The metro has to be very efficient, very comfortable, quite safe and of course very reliable, and it must cover the whole city.

In India the government has taken a policy decision that all cities with more than 3 million population, to start with, will have a metro system in the next five to ten years time. Thereafter, even cities with more than one million should have a metro system.

A metro system cannot be justified purely on financial grounds, but it can be easily justified on socio-economic grounds.

Hugh Somerville

The aviation industry is perhaps the fastest growing source of greenhouse gas within the transport sector which is the fastest growing in its turn contributor to climate change.

Aviation faces particular difficulties because its affect on the climate is not the same as terrestrial sources because the emissions are emitted at cruise altitudes.

Some people have said that the effect of (aircraft-generated) cirrus cloud alone could be as great as that of the carbon dioxide that's emitted from industry.

The one measure that will contribute more in the medium term than anything else is emissions trading. That's a firm belief of a lot of people across the industry and it's something that we hope will happen in Europe by 2008.

It's a sad observation that most people when they embark on a journey by air, seem to throw their environmental credentials out the window.

A recent survey in the UK said that 80% of people like to recycle at home but only 20% of them want to recycle when they are on holiday.

Before the industrial revolution man was dependant on his own horse or wind and current to get around the world and apart from allegations that horse manure made the city centres very unpleasant in these times, there were no real environmental problems associated with it.

The aviation industry.......will need to be looking at things like emissions trading and maybe over ten, twenty, thirty, forty years, radical changes in technology perhaps even into hydrogen fuelled aircraft and things like that.

In flight re-fuelling on long haul flights would make aviation more efficient, even formation flying like geese could be possible because there are so many aircraft that fly across the Atlantic at any one time.

Taxes are very poor ways of improving environmental performance.

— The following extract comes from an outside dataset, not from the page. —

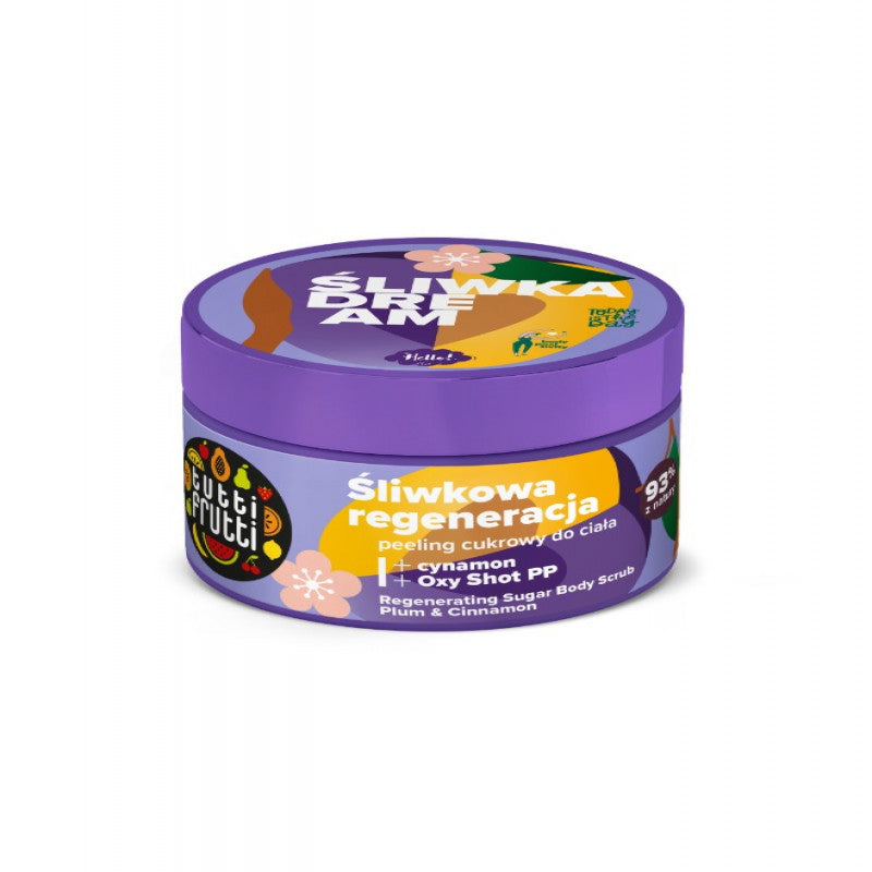 مقشر السكر من توتي فروتي بالبرقوق والقرفة يعمل على تنعيم البشرة بينما تعمل زيوت الفاكهة الطبيعية والفيتامينات A و E و F على إزالة السيلوليت وتحسين لون البشرة،

The price of fuel for an aircraft has virtually doubled recently and it's had no effect on demand.

Adriana Lobo

We spend every day in transportation here in Mexico City, two and a half hours in average 10% of all our time is spent just trying to move

Two thousand or three thousand people a day in Mexico City are dying faster because of pollution.

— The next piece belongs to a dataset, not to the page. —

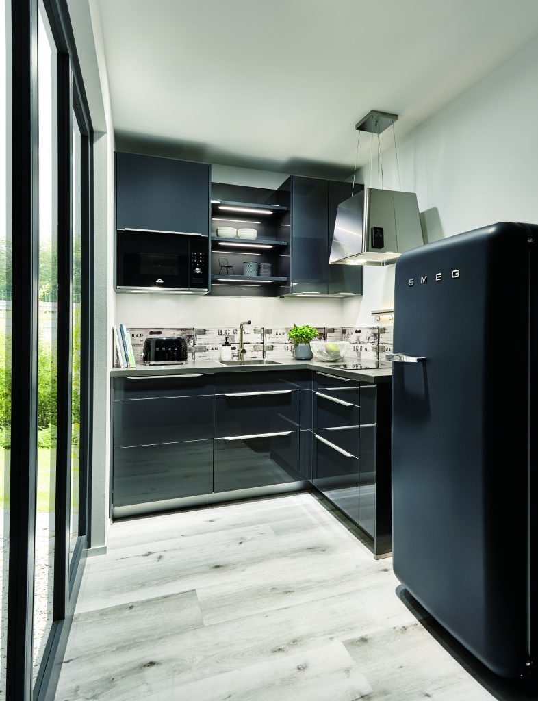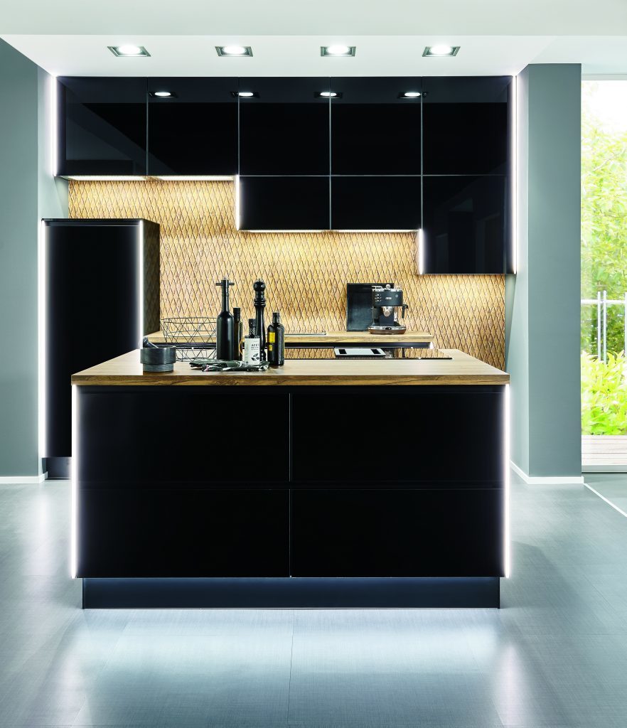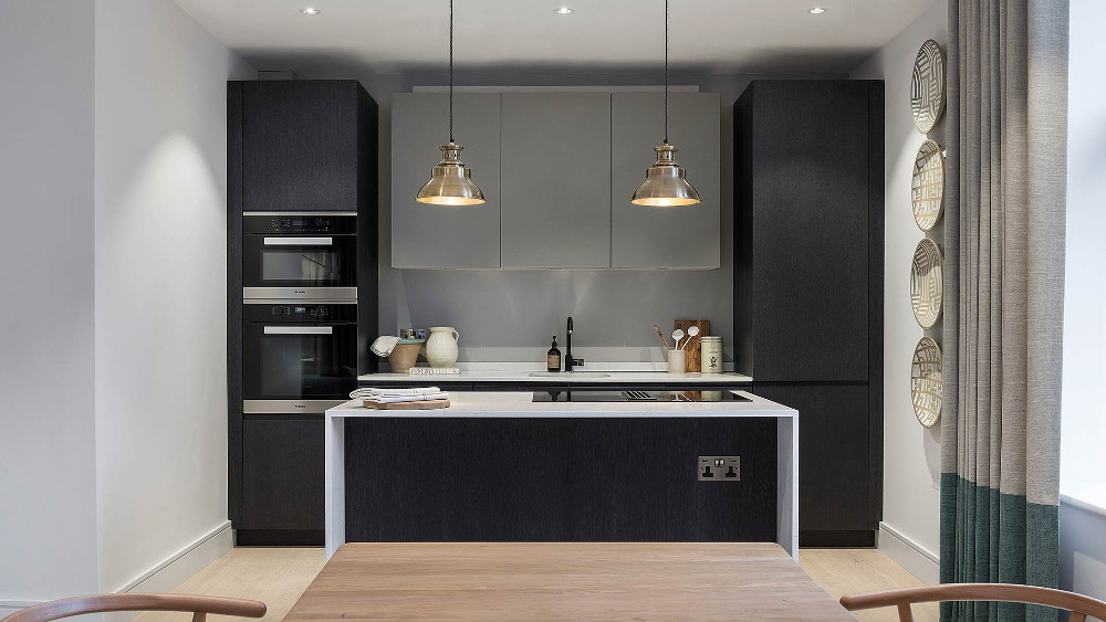 A deceptively large kitchen, the majority of the storage is hidden in the white walls. It gives an appearance that this kitchen is on a single level. The way the kitchen delivers shape and the lighting, make this a stand out black kitchen inspiration.

We have to have transport systems that are designed for everybody

Walking was a very important activity for us to be healthy. When we were walking to work or walking to someplace we were healthy and today we do not move our bodies and we are getting fat and diabetes and other health problems.

Local transportation is said to be a public service by law and this is a very important concept, a very important duty of the state

Claudia Sheinbaum

Transportation is not only how people move from one place to another. It deals with many issues. It deals with the economy, with social issues, with the environment.

Some people approach subsidies as if they were the devil or something like that. "I don't want to talk about subsidies, I don't want to hear about subsidies!" When you have a population such as that of Mexico City where around 30% of the people live under the poverty line then you look at subsidies from a different perspective.

If you say build a metro and you will have the demand, this is not always true. You need to build a public transport system, and a public transport system is not just metro. It's metro and it's buses and it's probably taxis for some areas of the city.